3. Stream. Producer streams tokens as SSE data: events with ack. Consumer accumulates output, runs evaluator, signs CommitMessage every K tokens with cumulative_paid = prepaid_input + (output tokens * output_price). K floats per AIMD pressure.
4. Halt. Either side ceases its next move. Within the grace period the other side detects the silence; within the pause window it transitions to halted and initiates settlement.
5. Settle. Producer (or consumer) submits settle with the latest commitment. The on-chain Ed25519 verify happens via a sibling instruction; the program enforces prepaid_input ≤ cumulative_paid ≤ deposit, splits the deposit, opens the dispute window.
6. Close. After the dispute window, either party calls close. Rent reclaimed.

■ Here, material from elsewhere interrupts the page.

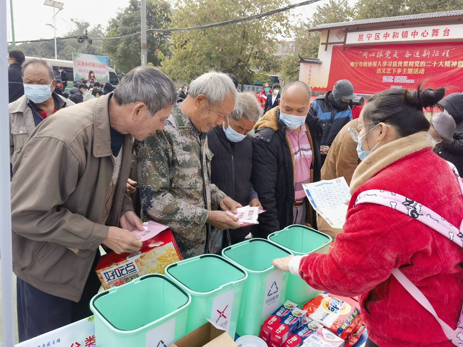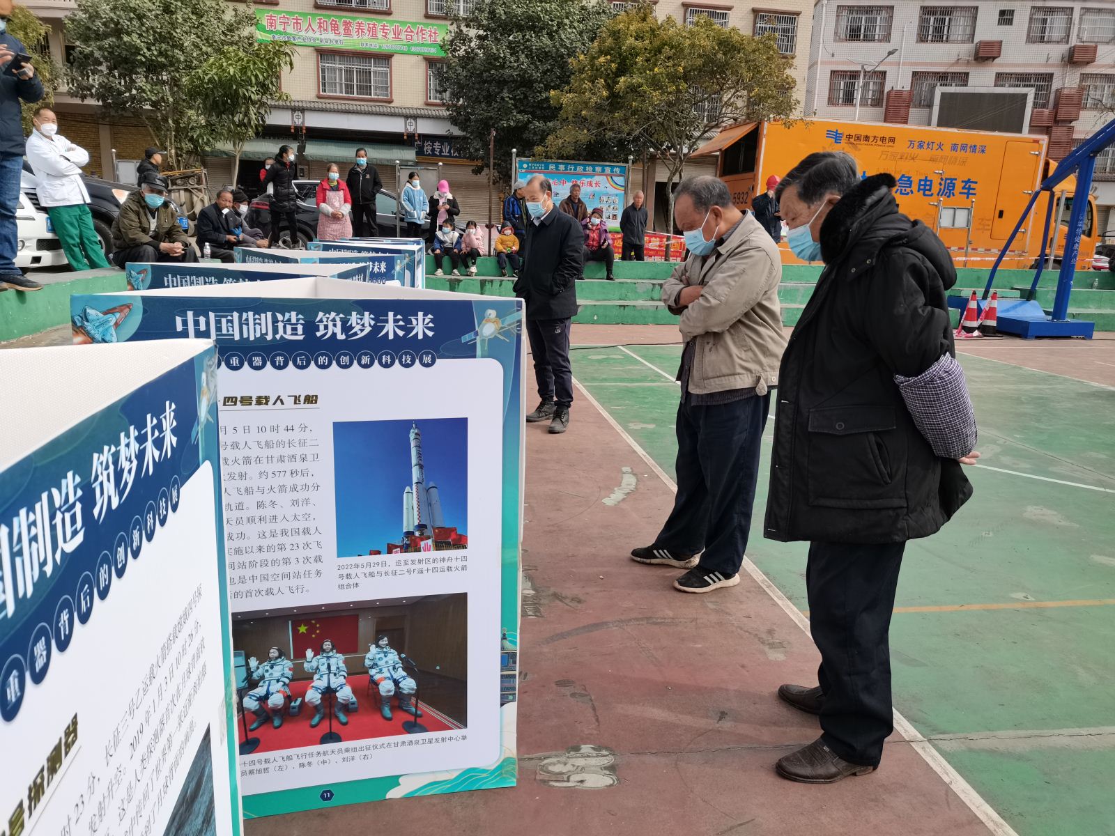 南宁市图书馆以学习贯彻落实党的二十大精神为主线,为乡镇基层群众送去汽车图书馆“流动书香·党史教育红色阅读”、“中国制造,筑梦未来”大国重器创新科技展览、“奋进新征程,建功新时代”学习党的二十大精神知识竞答、“书香绿城 美好生活”图书漂流、“垃圾分类 你我同行”垃圾分类实践挑战赛、公共图书馆服务宣传等6项内容丰富、形式多样的文化惠民服务和健康科普活动。汽车图书馆开进邕宁区中和镇,为基层群众带去党史教育、文学历史、医药养生、休闲旅游、少儿读物等多种类图书,方便基层群众零距离阅读;图书漂流活动发放文学、画报、科普、少儿类等期刊杂志共计200余册;在垃圾分类实践挑战赛台前,居民们自觉排起长队,踊跃参与有奖答题,市图书馆文化志愿服务队为居民们耐心细致地讲解,让大家了解垃圾分类常识,倡导文明健康绿色环保生活方式,牙膏、纸巾、香皂、洗衣粉等丰厚的生活类奖品深受居民群众喜爱。“中国制造,筑梦未来”大国重器创新科技展览,让广大群众深入了解我国牢固树立新发展理念,深入实施创新驱动发展战略,在各个领域铸就国之重器,实现了中华民族从站起来、富起来到强起来的历史性飞跃。

The expiry escape hatch always pays the producer at least prepaid_input_micro regardless of off-chain state — the consumer's loss on a producer that takes prefill and delivers nothing is bounded to exactly the input cost (whitepaper §5.3.8).

Where state lives

• On-chain: deposit, last accepted commitment sequence and cumulative_paid, channel status, expiry. Authoritative.
• Producer memory: active-channel registry, latest signed commitment. Non-persistent — a producer crash forfeits up to one batch + trailing buffer's worth of unbilled tokens.
• Consumer memory: session key, accumulated output, current K. Non-persistent; sessions are one-shot.

What's deferred

The whitepaper §10 future-work items are intentionally out of scope for this implementation:

• hash-locked atomic delivery
• TEE-attested model identity
• hub-routed sessions
• decentralized facilitators
• consumer-side privacy

The shape of the SDK leaves room for each: facilitators are a single function in chain/rpc.py; attestation would extend PaymentRequirements; hub routing would compose ConsumerSessions.